[[ Provided data open ]]

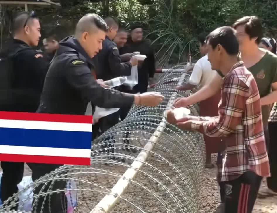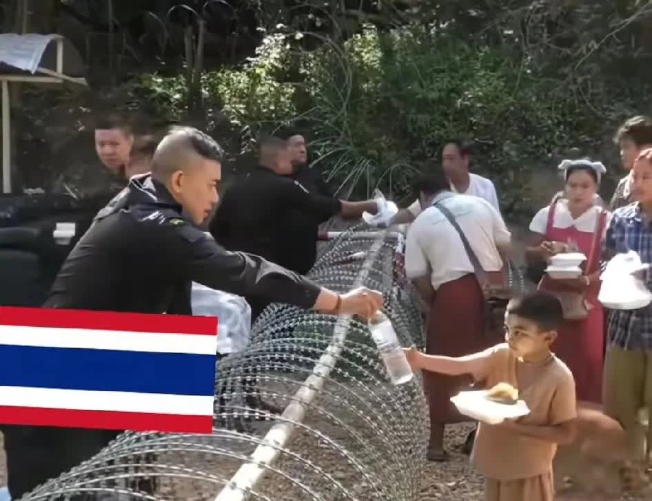 泰国黑衣特种部队,为柬埔寨平民发放食物和水,泰军表示不打平民只打军事基地 打仗
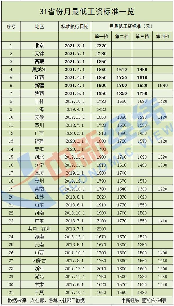 摘要:近日,北京上调最低工资标准上调至每月2320元,中新经纬客户端梳理发现,年内,北京、天津、江西、黑龙江、陕西、新疆、西藏陆续上调最低工资标准。此外,多地明确调整并酝酿有关方案,广大打工者将切实受益。
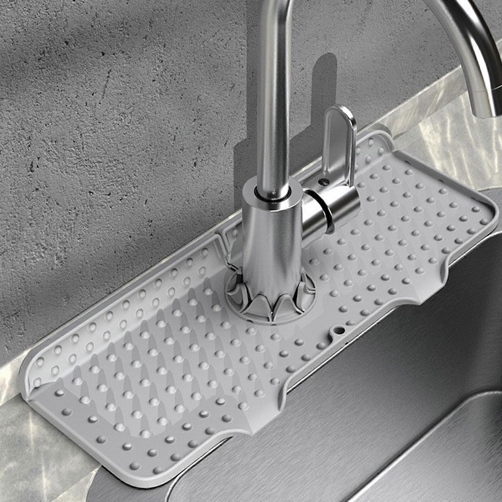 WJSXC Silicone Sink Faucet Mat, Gray - Splash Guard & Drain Pad for Kitchen & Bathroom, Compatible with Standard Faucets
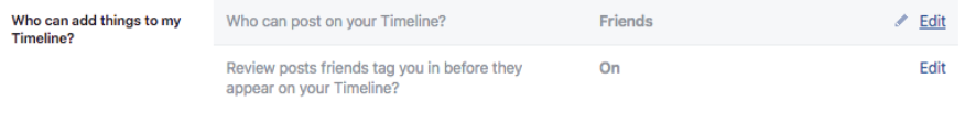 The first section lets you choose who can post things on your timeline, as well as when those posts will go live on your timeline. If you don’t want anyone to post on your timeline, choose “Only me.” If you want to make sure you know what’s going to be posted before it’s up there, enables the option to review posts.
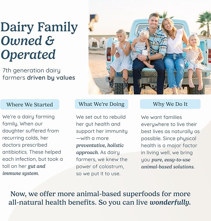 - The WonderCow Promise: We source our bovine colostrum + bone collagen from sustainable, reputable farms that use ethical and humane farming practices. Our product contains no artificial ingredients, sweeteners, dyes, additives, or fillers - just pure, high-quality colostrum + collagen powder. Additionally, we follow our Calf-First Promise, ensuring that the newborn calves receive the colostrum they need before we collect any excess. This means that our colostrum is not only effective, but also s
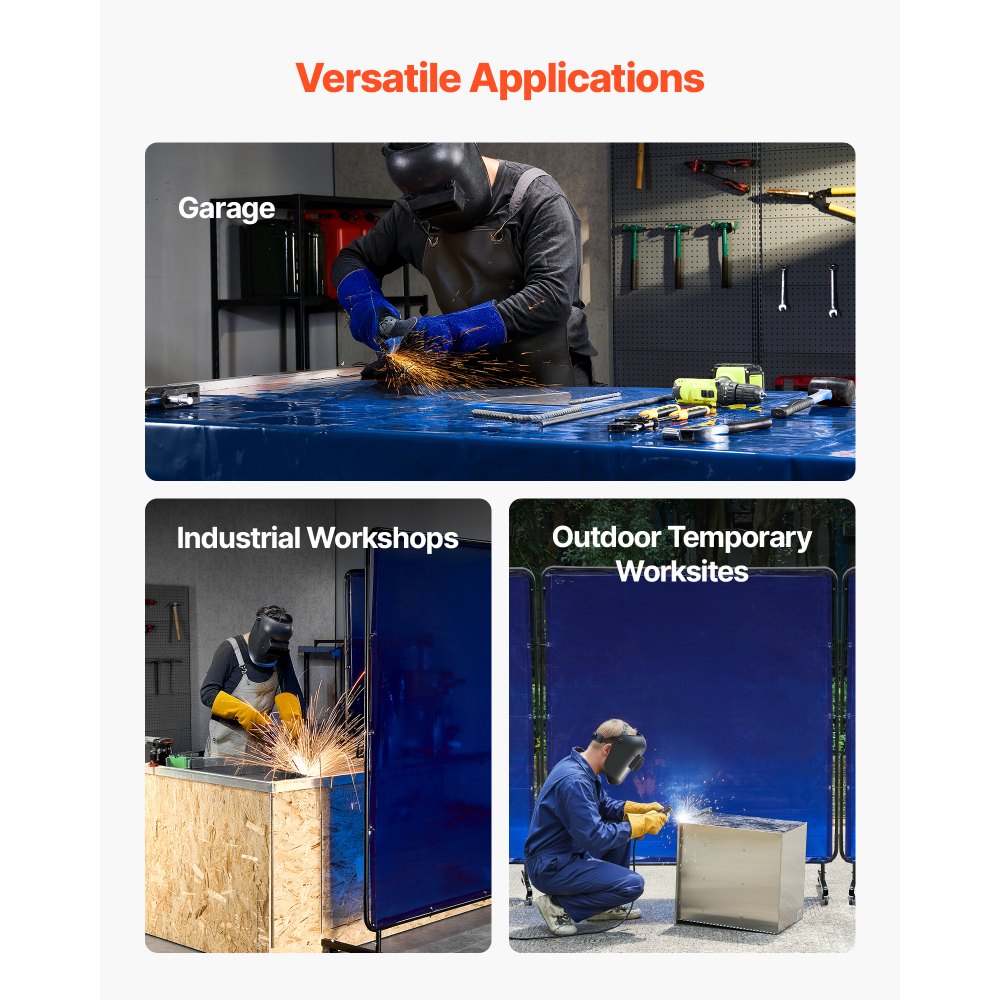 Prostorný ochranný prostor: Svářečská zástěna VEVOR o rozměrech 6 x 6 stop s rámem poskytuje komplexní ochranu vašeho pracovního prostoru a svařovacích projektů. Udržujte svůj prostor chráněný a minimalizujte dopad jisker a rozstřiku, čímž vytváříte bezpečnější a efektivnější pracovní prostředí.
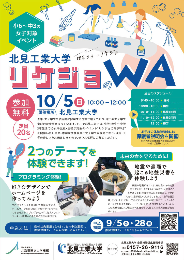 近年、女子学生を積極的に採用する企業が増えており、理工系女子学生育成の要請が高まっていることから、北見工業大学では本学教員と女子学生が講師となり、理科・工学の楽しさを知ってもらう機会として、小学6年生~中学3年生までの女子児童・生徒を対象としたイベント「リケジョのWA」を開催します。
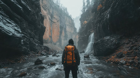 Alajuela, Costa Rica. Young and fearless hiker climbing the steep rock of the canyon in the rain.
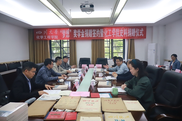 4月13日,“梦想”奖学金捐赠签约暨化工史料捐赠仪式在望江校区化学工程学院235会议室顺利举行。捐赠人马利校友,马利校友就读时学院党委副书记、现成人继续教育学院副院长张必涛教授,马利校友毕业论文指导教师、学院退休教师印永祥教授,马利校友就读时辅导员老师、四川大学教育基金会副秘书长杨彬,化工学院党委书记李天友、党委副书记姜利寒和学院相关教师及学生代表等参加了捐赠仪式。仪式由学院党委副书记兼纪委书记李德富主持。
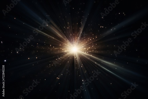 © Ameer, Naklejka premium Lens flare effect on black background: white sparkling light rays for creative design projects
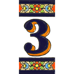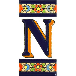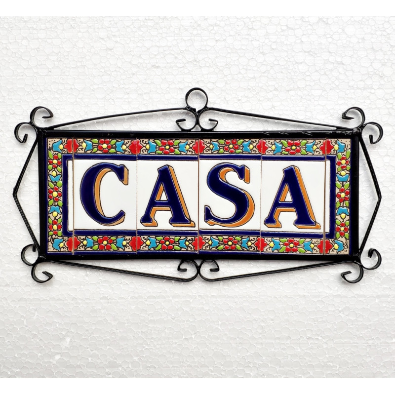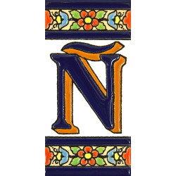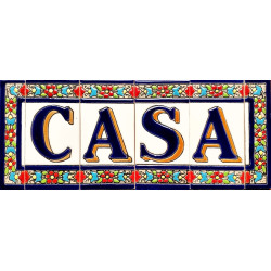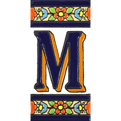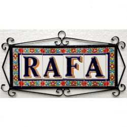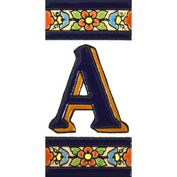 Enseignes avec chiffres et lettres en céramique polychrome, peintes à la main en technique corde sèche pour assiettes avec noms, adresses et signalétique. Texte personnalisable.
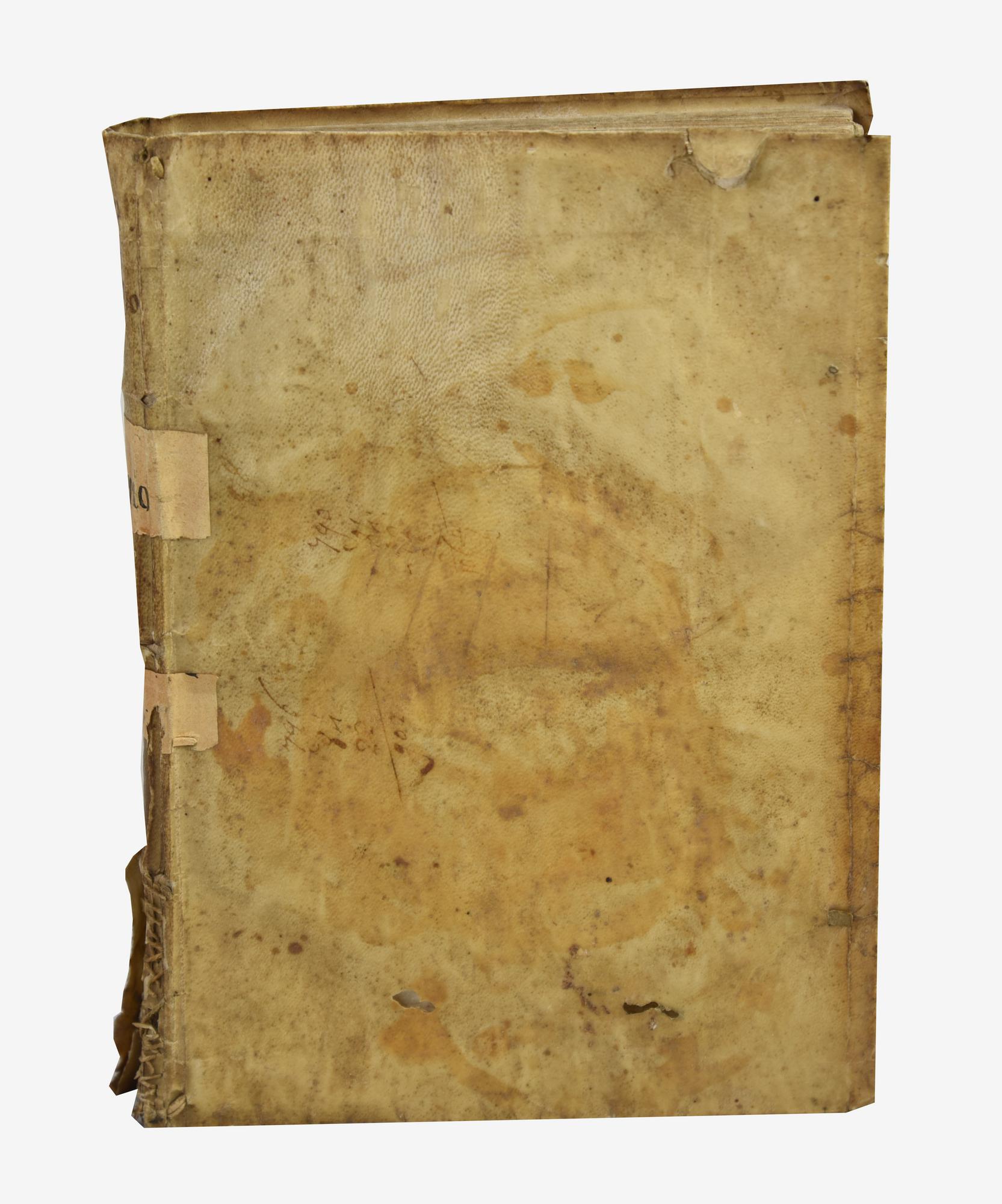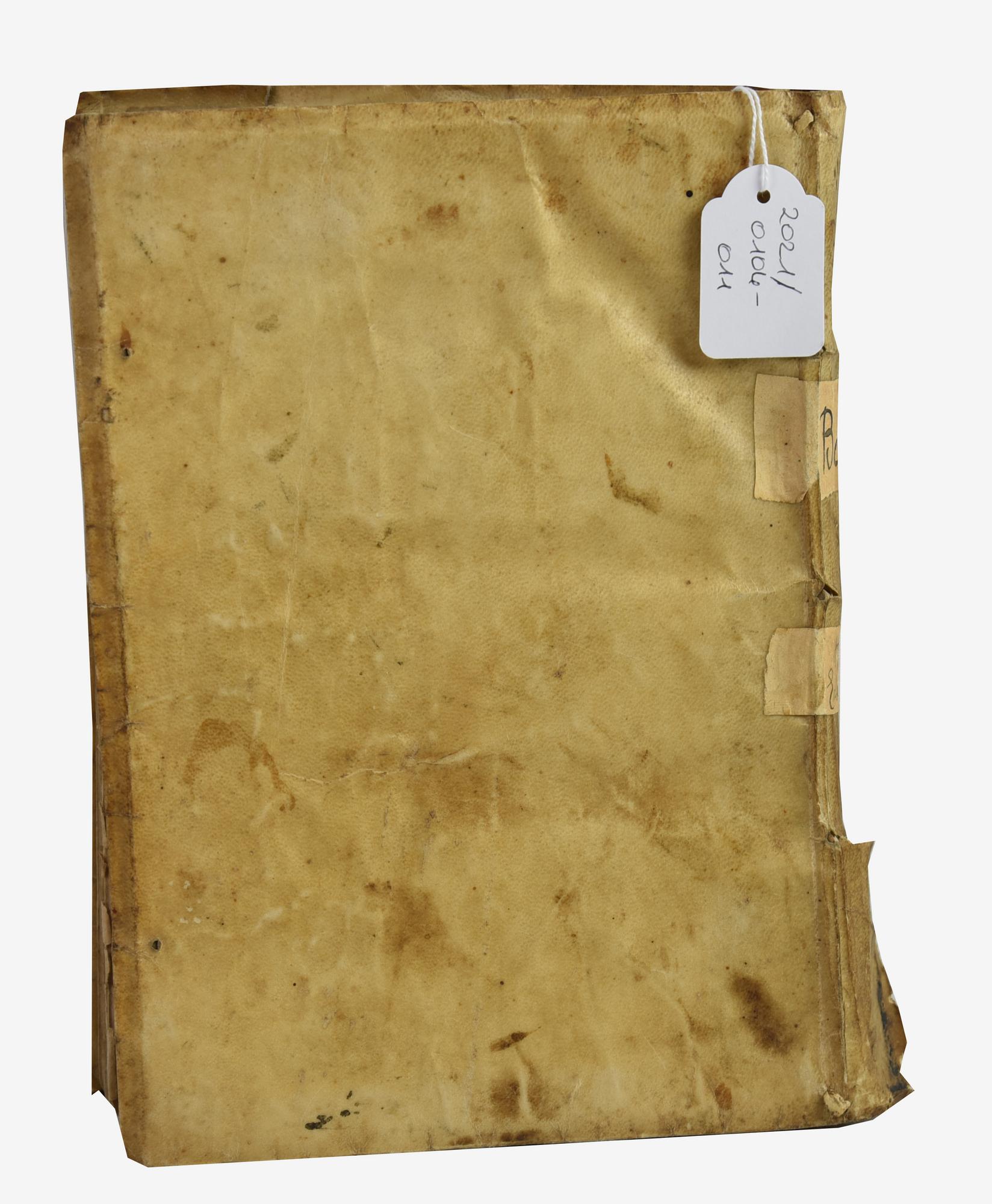 Copertina in pergamena. Iscritto con annotazioni bordo pagina e pagine finali.
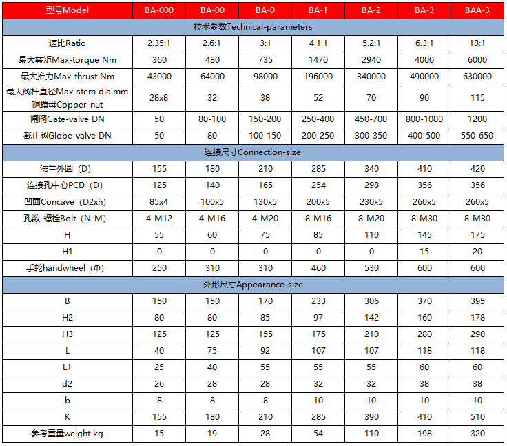 BA型多回轉(zhuǎn)手動(dòng)傘齒輪蝸輪箱
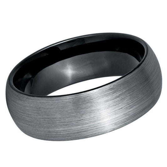 Domed Black & Gun Metal IP Plated Tungsten Ring - 8mm
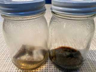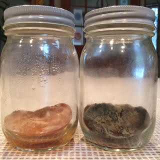果肉もエキスもさらに腐敗が進んで真っ黒になっている一般農法のリンゴ(右)
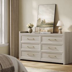 6 drawer dresser white and light wood with silver handles$210New York, NY
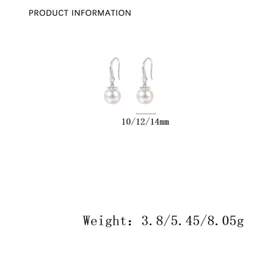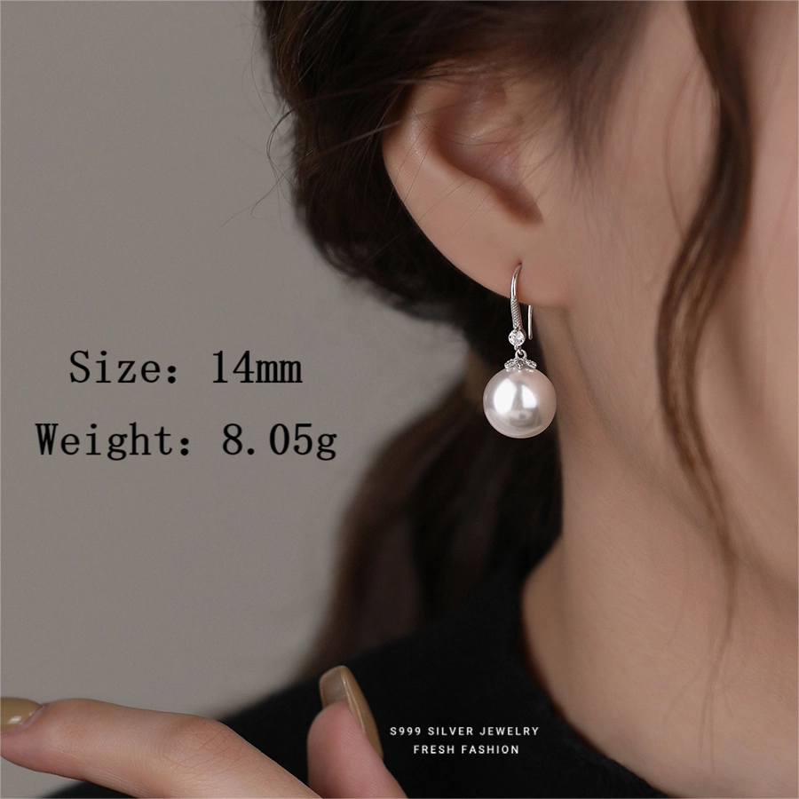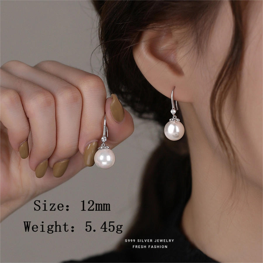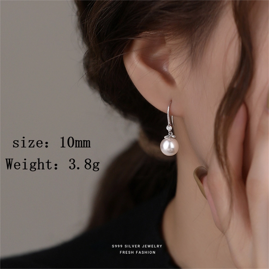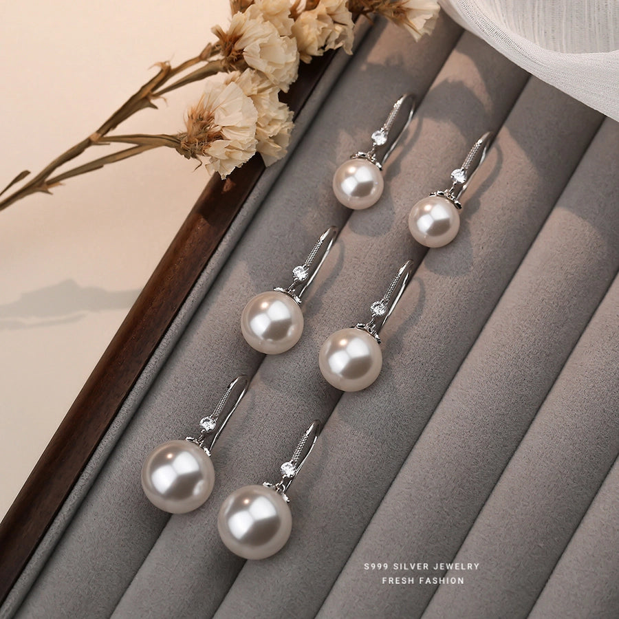 1 Pair S999 Silver Glass Bead Zircon 925 Sterling Silver Earrings Pearl Drop Earrings
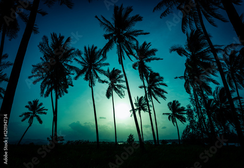 © nuttawutnuy, Naklejka premium Silhouette coconut palm trees on beach at sunset. Vintage tone.
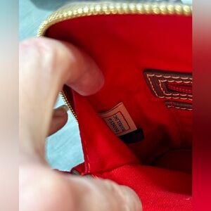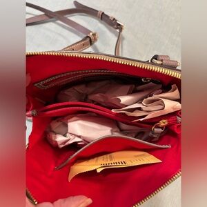 This Dooney & Bourke crossbody bag in smooth saffiano grayish brown leather, color called Elephant. Red interior lining, two inside zip pockets, two inside slip pockets, and overall zipper closure. The smooth durable leather finish will give you years of great use.

[[ Provided data closed ]]

*Work item*
Reproduce every record exactly; images stay out.

*Response for this exercise*
 泰国黑衣特种部队,为柬埔寨平民发放食物和水,泰军表示不打平民只打军事基地 打仗
 摘要:近日,北京上调最低工资标准上调至每月2320元,中新经纬客户端梳理发现,年内,北京、天津、江西、黑龙江、陕西、新疆、西藏陆续上调最低工资标准。此外,多地明确调整并酝酿有关方案,广大打工者将切实受益。
 WJSXC Silicone Sink Faucet Mat, Gray - Splash Guard & Drain Pad for Kitchen & Bathroom, Compatible with Standard Faucets
 The first section lets you choose who can post things on your timeline, as well as when those posts will go live on your timeline. If you don’t want anyone to post on your timeline, choose “Only me.” If you want to make sure you know what’s going to be posted before it’s up there, enables the option to review posts.
 - The WonderCow Promise: We source our bovine colostrum + bone collagen from sustainable, reputable farms that use ethical and humane farming practices. Our product contains no artificial ingredients, sweeteners, dyes, additives, or fillers - just pure, high-quality colostrum + collagen powder. Additionally, we follow our Calf-First Promise, ensuring that the newborn calves receive the colostrum they need before we collect any excess. This means that our colostrum is not only effective, but also s
 Prostorný ochranný prostor: Svářečská zástěna VEVOR o rozměrech 6 x 6 stop s rámem poskytuje komplexní ochranu vašeho pracovního prostoru a svařovacích projektů. Udržujte svůj prostor chráněný a minimalizujte dopad jisker a rozstřiku, čímž vytváříte bezpečnější a efektivnější pracovní prostředí.
 近年、女子学生を積極的に採用する企業が増えており、理工系女子学生育成の要請が高まっていることから、北見工業大学では本学教員と女子学生が講師となり、理科・工学の楽しさを知ってもらう機会として、小学6年生~中学3年生までの女子児童・生徒を対象としたイベント「リケジョのWA」を開催します。
 Alajuela, Costa Rica. Young and fearless hiker climbing the steep rock of the canyon in the rain.
 4月13日,“梦想”奖学金捐赠签约暨化工史料捐赠仪式在望江校区化学工程学院235会议室顺利举行。捐赠人马利校友,马利校友就读时学院党委副书记、现成人继续教育学院副院长张必涛教授,马利校友毕业论文指导教师、学院退休教师印永祥教授,马利校友就读时辅导员老师、四川大学教育基金会副秘书长杨彬,化工学院党委书记李天友、党委副书记姜利寒和学院相关教师及学生代表等参加了捐赠仪式。仪式由学院党委副书记兼纪委书记李德富主持。
 © Ameer, Naklejka premium Lens flare effect on black background: white sparkling light rays for creative design projects
 Enseignes avec chiffres et lettres en céramique polychrome, peintes à la main en technique corde sèche pour assiettes avec noms, adresses et signalétique. Texte personnalisable.
 Copertina in pergamena. Iscritto con annotazioni bordo pagina e pagine finali.
 BA型多回轉(zhuǎn)手動(dòng)傘齒輪蝸輪箱
 Domed Black & Gun Metal IP Plated Tungsten Ring - 8mm
果肉もエキスもさらに腐敗が進んで真っ黒になっている一般農法のリンゴ(右)
 6 drawer dresser white and light wood with silver handles$210New York, NY
 1 Pair S999 Silver Glass Bead Zircon 925 Sterling Silver Earrings Pearl Drop Earrings
 © nuttawutnuy, Naklejka premium Silhouette coconut palm trees on beach at sunset. Vintage tone.
 This Dooney & Bourke crossbody bag in smooth saffiano grayish brown leather, color called Elephant. Red interior lining, two inside zip pockets, two inside slip pockets, and overall zipper closure. The smooth durable leather finish will give you years of great use.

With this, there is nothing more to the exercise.